(Data to process Opens)
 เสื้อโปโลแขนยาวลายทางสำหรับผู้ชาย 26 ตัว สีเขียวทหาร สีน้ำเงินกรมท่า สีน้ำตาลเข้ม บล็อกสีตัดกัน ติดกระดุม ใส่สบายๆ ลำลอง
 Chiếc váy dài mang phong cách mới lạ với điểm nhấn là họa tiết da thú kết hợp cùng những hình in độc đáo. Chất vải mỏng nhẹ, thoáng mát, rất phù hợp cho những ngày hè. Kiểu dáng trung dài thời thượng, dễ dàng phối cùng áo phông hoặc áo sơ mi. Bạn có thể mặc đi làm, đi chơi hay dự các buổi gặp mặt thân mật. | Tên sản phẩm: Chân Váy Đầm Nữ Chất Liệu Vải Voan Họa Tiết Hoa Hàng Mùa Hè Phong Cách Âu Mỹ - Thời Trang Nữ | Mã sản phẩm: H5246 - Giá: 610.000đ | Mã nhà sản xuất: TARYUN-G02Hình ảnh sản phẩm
(Data to process Closes)
(Data to process Opens)
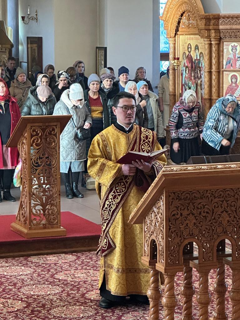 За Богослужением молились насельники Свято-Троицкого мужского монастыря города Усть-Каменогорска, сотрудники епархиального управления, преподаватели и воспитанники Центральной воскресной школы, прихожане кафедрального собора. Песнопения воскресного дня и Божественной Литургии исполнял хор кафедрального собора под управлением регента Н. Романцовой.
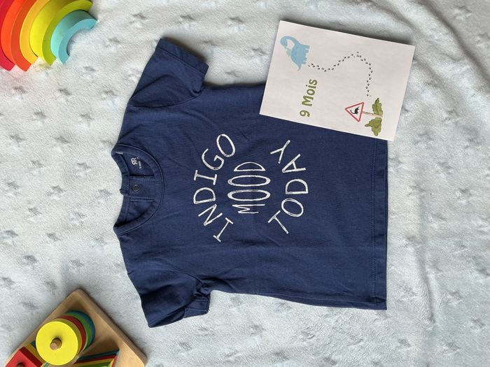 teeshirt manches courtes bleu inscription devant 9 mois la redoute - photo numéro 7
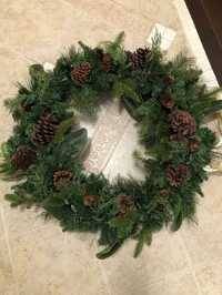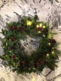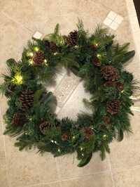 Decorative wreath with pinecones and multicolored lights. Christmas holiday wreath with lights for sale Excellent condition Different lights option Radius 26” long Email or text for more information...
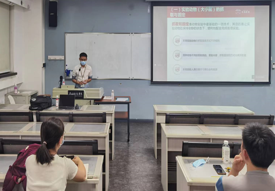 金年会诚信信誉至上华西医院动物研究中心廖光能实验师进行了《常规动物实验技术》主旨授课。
(Data to process Closes)
Go to the line above that contains "Decorative wreath with" and reproduce everything exactly from there through the line that contains "金年会诚信信誉至上华西医院动", leaving out the pictures.

Response below -
 Decorative wreath with pinecones and multicolored lights. Christmas holiday wreath with lights for sale Excellent condition Different lights option Radius 26” long Email or text for more information...
 金年会诚信信誉至上华西医院动物研究中心廖光能实验师进行了《常规动物实验技术》主旨授课。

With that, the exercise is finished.